Exercise brief:
Retype the data that follows line by line, exactly, and leave its pictures out.

▼

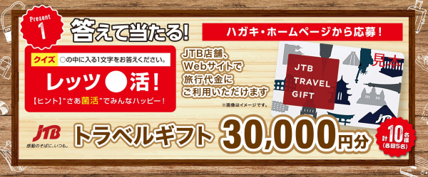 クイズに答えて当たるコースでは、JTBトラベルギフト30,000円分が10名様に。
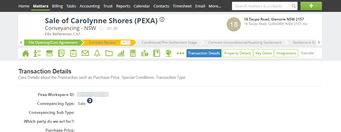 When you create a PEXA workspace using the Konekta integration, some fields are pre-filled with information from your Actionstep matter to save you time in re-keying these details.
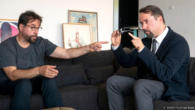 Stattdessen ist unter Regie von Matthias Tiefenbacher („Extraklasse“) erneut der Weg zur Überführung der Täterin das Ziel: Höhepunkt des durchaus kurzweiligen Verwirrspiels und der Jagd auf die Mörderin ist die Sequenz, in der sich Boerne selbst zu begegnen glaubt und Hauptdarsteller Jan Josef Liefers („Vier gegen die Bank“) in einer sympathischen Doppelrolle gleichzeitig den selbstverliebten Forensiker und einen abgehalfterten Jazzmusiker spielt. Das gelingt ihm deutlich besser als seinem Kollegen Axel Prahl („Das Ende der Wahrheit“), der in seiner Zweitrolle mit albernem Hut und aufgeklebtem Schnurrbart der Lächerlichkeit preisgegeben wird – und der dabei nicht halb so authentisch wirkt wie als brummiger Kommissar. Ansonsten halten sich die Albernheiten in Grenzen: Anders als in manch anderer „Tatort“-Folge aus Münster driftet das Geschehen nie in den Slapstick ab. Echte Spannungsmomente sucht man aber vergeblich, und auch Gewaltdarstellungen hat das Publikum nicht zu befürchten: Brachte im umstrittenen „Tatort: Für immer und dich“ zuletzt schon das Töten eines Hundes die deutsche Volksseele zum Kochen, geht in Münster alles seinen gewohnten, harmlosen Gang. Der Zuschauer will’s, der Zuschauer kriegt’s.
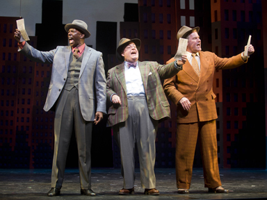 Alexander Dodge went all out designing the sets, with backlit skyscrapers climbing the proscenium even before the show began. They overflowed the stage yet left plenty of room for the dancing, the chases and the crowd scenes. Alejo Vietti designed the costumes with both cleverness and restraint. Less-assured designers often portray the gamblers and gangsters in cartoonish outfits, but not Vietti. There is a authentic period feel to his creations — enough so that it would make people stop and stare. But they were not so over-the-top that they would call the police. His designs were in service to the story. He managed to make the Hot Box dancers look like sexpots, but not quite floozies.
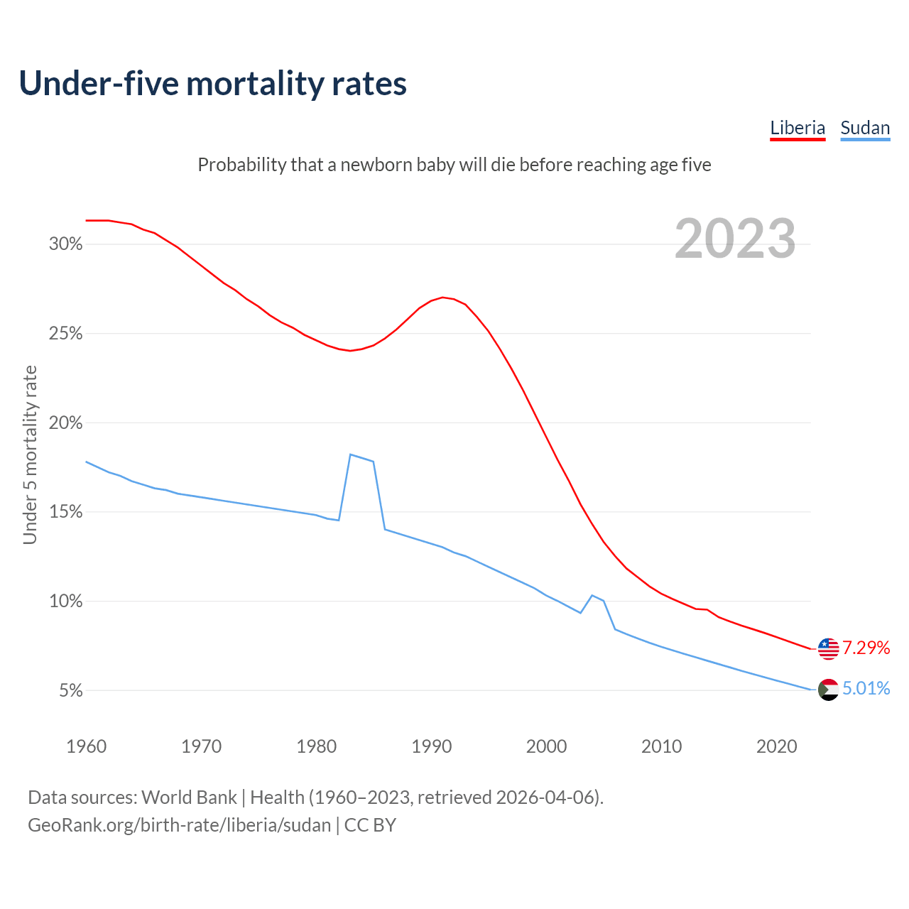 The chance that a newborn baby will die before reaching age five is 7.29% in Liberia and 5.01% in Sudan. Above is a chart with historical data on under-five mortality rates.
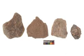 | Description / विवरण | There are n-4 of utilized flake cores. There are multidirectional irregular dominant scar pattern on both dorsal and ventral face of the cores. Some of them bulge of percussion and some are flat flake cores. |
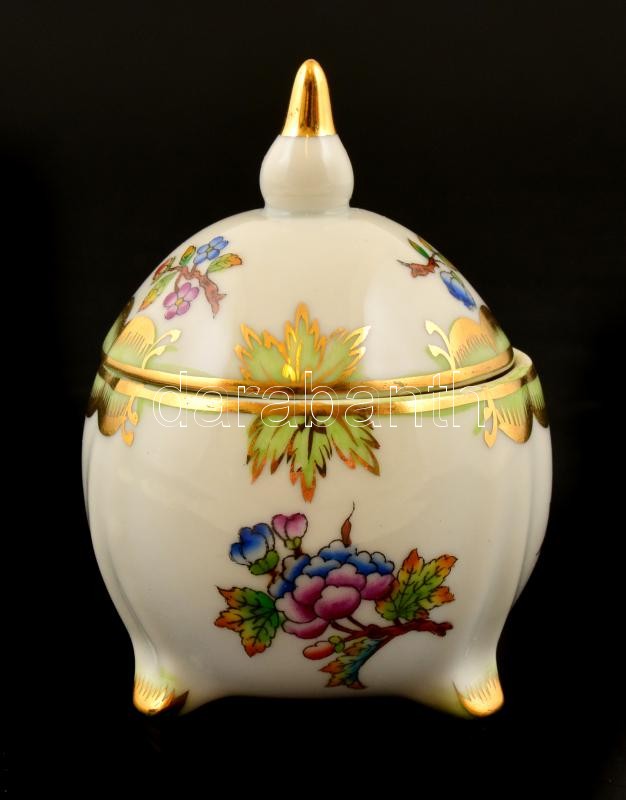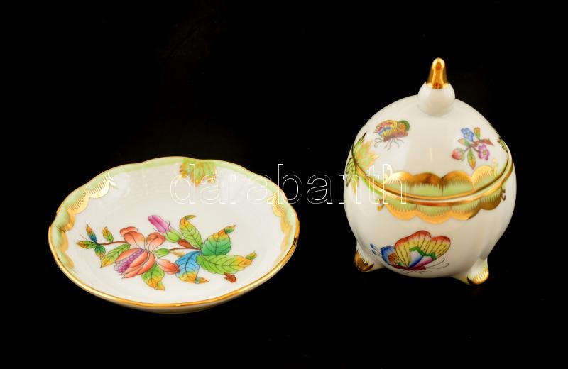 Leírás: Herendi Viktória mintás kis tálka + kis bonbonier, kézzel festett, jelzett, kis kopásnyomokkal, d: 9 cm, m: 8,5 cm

▲

Solution to this exercise:
 クイズに答えて当たるコースでは、JTBトラベルギフト30,000円分が10名様に。
 When you create a PEXA workspace using the Konekta integration, some fields are pre-filled with information from your Actionstep matter to save you time in re-keying these details.
 Stattdessen ist unter Regie von Matthias Tiefenbacher („Extraklasse“) erneut der Weg zur Überführung der Täterin das Ziel: Höhepunkt des durchaus kurzweiligen Verwirrspiels und der Jagd auf die Mörderin ist die Sequenz, in der sich Boerne selbst zu begegnen glaubt und Hauptdarsteller Jan Josef Liefers („Vier gegen die Bank“) in einer sympathischen Doppelrolle gleichzeitig den selbstverliebten Forensiker und einen abgehalfterten Jazzmusiker spielt. Das gelingt ihm deutlich besser als seinem Kollegen Axel Prahl („Das Ende der Wahrheit“), der in seiner Zweitrolle mit albernem Hut und aufgeklebtem Schnurrbart der Lächerlichkeit preisgegeben wird – und der dabei nicht halb so authentisch wirkt wie als brummiger Kommissar. Ansonsten halten sich die Albernheiten in Grenzen: Anders als in manch anderer „Tatort“-Folge aus Münster driftet das Geschehen nie in den Slapstick ab. Echte Spannungsmomente sucht man aber vergeblich, und auch Gewaltdarstellungen hat das Publikum nicht zu befürchten: Brachte im umstrittenen „Tatort: Für immer und dich“ zuletzt schon das Töten eines Hundes die deutsche Volksseele zum Kochen, geht in Münster alles seinen gewohnten, harmlosen Gang. Der Zuschauer will’s, der Zuschauer kriegt’s.
 Alexander Dodge went all out designing the sets, with backlit skyscrapers climbing the proscenium even before the show began. They overflowed the stage yet left plenty of room for the dancing, the chases and the crowd scenes. Alejo Vietti designed the costumes with both cleverness and restraint. Less-assured designers often portray the gamblers and gangsters in cartoonish outfits, but not Vietti. There is a authentic period feel to his creations — enough so that it would make people stop and stare. But they were not so over-the-top that they would call the police. His designs were in service to the story. He managed to make the Hot Box dancers look like sexpots, but not quite floozies.
 The chance that a newborn baby will die before reaching age five is 7.29% in Liberia and 5.01% in Sudan. Above is a chart with historical data on under-five mortality rates.
 | Description / विवरण | There are n-4 of utilized flake cores. There are multidirectional irregular dominant scar pattern on both dorsal and ventral face of the cores. Some of them bulge of percussion and some are flat flake cores. |
 Leírás: Herendi Viktória mintás kis tálka + kis bonbonier, kézzel festett, jelzett, kis kopásnyomokkal, d: 9 cm, m: 8,5 cm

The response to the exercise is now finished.